WORK INSTRUCTIONS >>
Leave the images out. Give every line below again, precisely.

DATA SHOWN >>
= Beginning of Section =

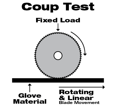 Probado con una hoja giratoria y una carga fija para determinar una clasificación de corte entre 1 y 5. Si la hoja hace 60 pasadas sin cortar el material, entonces se mueve a la prueba ISO 13997 o TDM. El Coup Test puede fallar algunas veces con un material sumamente resistente a los cortes, porque desafila la hoja y no produce resultados. Se usa con mayor frecuencia para materiales con menor resistencia a los cortes. Si proporciona un nivel3 o superior, se marca con una “X” por no aplicable.
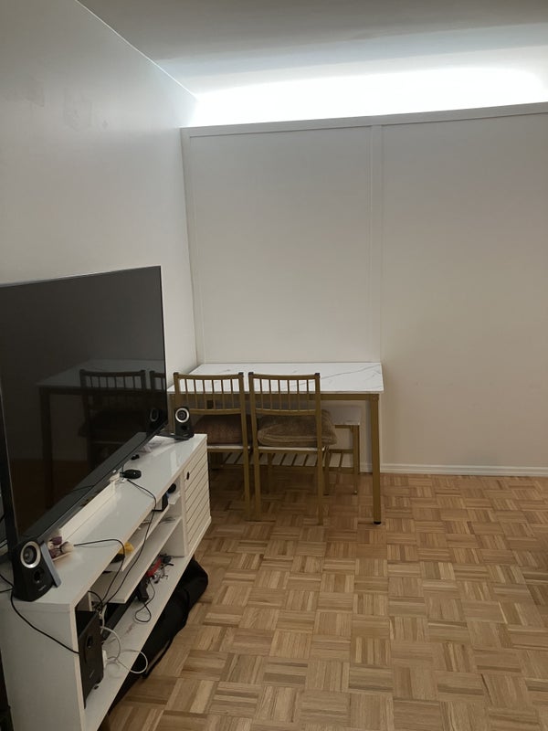 Looking for a roommate for a flex room in the living room for a doorman, luxury building located in Hell's Kitchen 2BD / 2 BA - you will be sharing a bathroom with a male roommate Please text at if you have any questions Roommate 1 -Early 30s Female -Fintech -NYU Grad Roommate 2 -Early 30s Male -Fintech -NYU Grad Amenities -Gym -Laundry Room -Resident Lounge - Outdoors
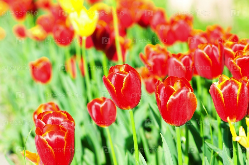Красные и желтые тюльпаны на клумбе
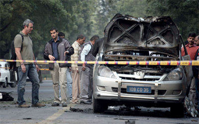 السيارة التي انفجرت أمام السفارة الإسرائيلية في نيودلهي. رويترز
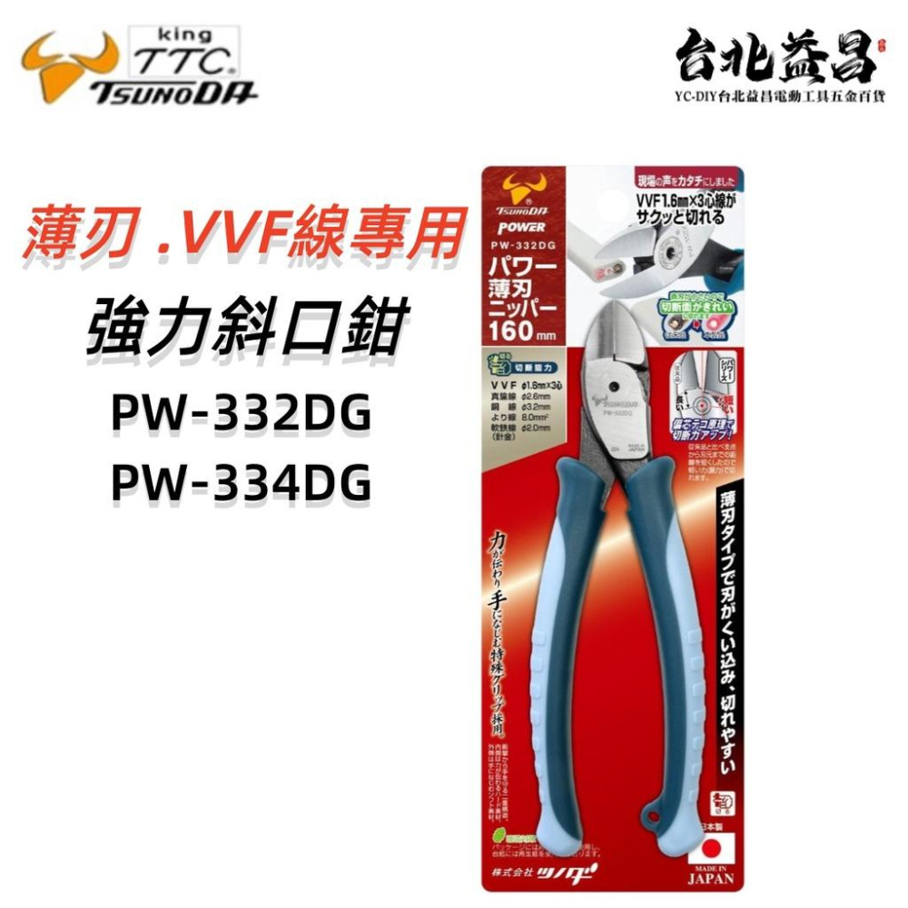 【台北益昌】日本 角田 TTC PW-332DG PW-334DG 薄刃 VVF線專用 強力 斜口鉗 尖嘴鉗

= End of Section =

YOUR SOLUTION >>
 Probado con una hoja giratoria y una carga fija para determinar una clasificación de corte entre 1 y 5. Si la hoja hace 60 pasadas sin cortar el material, entonces se mueve a la prueba ISO 13997 o TDM. El Coup Test puede fallar algunas veces con un material sumamente resistente a los cortes, porque desafila la hoja y no produce resultados. Se usa con mayor frecuencia para materiales con menor resistencia a los cortes. Si proporciona un nivel3 o superior, se marca con una “X” por no aplicable.
 Looking for a roommate for a flex room in the living room for a doorman, luxury building located in Hell's Kitchen 2BD / 2 BA - you will be sharing a bathroom with a male roommate Please text at if you have any questions Roommate 1 -Early 30s Female -Fintech -NYU Grad Roommate 2 -Early 30s Male -Fintech -NYU Grad Amenities -Gym -Laundry Room -Resident Lounge - Outdoors
Красные и желтые тюльпаны на клумбе
 السيارة التي انفجرت أمام السفارة الإسرائيلية في نيودلهي. رويترز
 【台北益昌】日本 角田 TTC PW-332DG PW-334DG 薄刃 VVF線專用 強力 斜口鉗 尖嘴鉗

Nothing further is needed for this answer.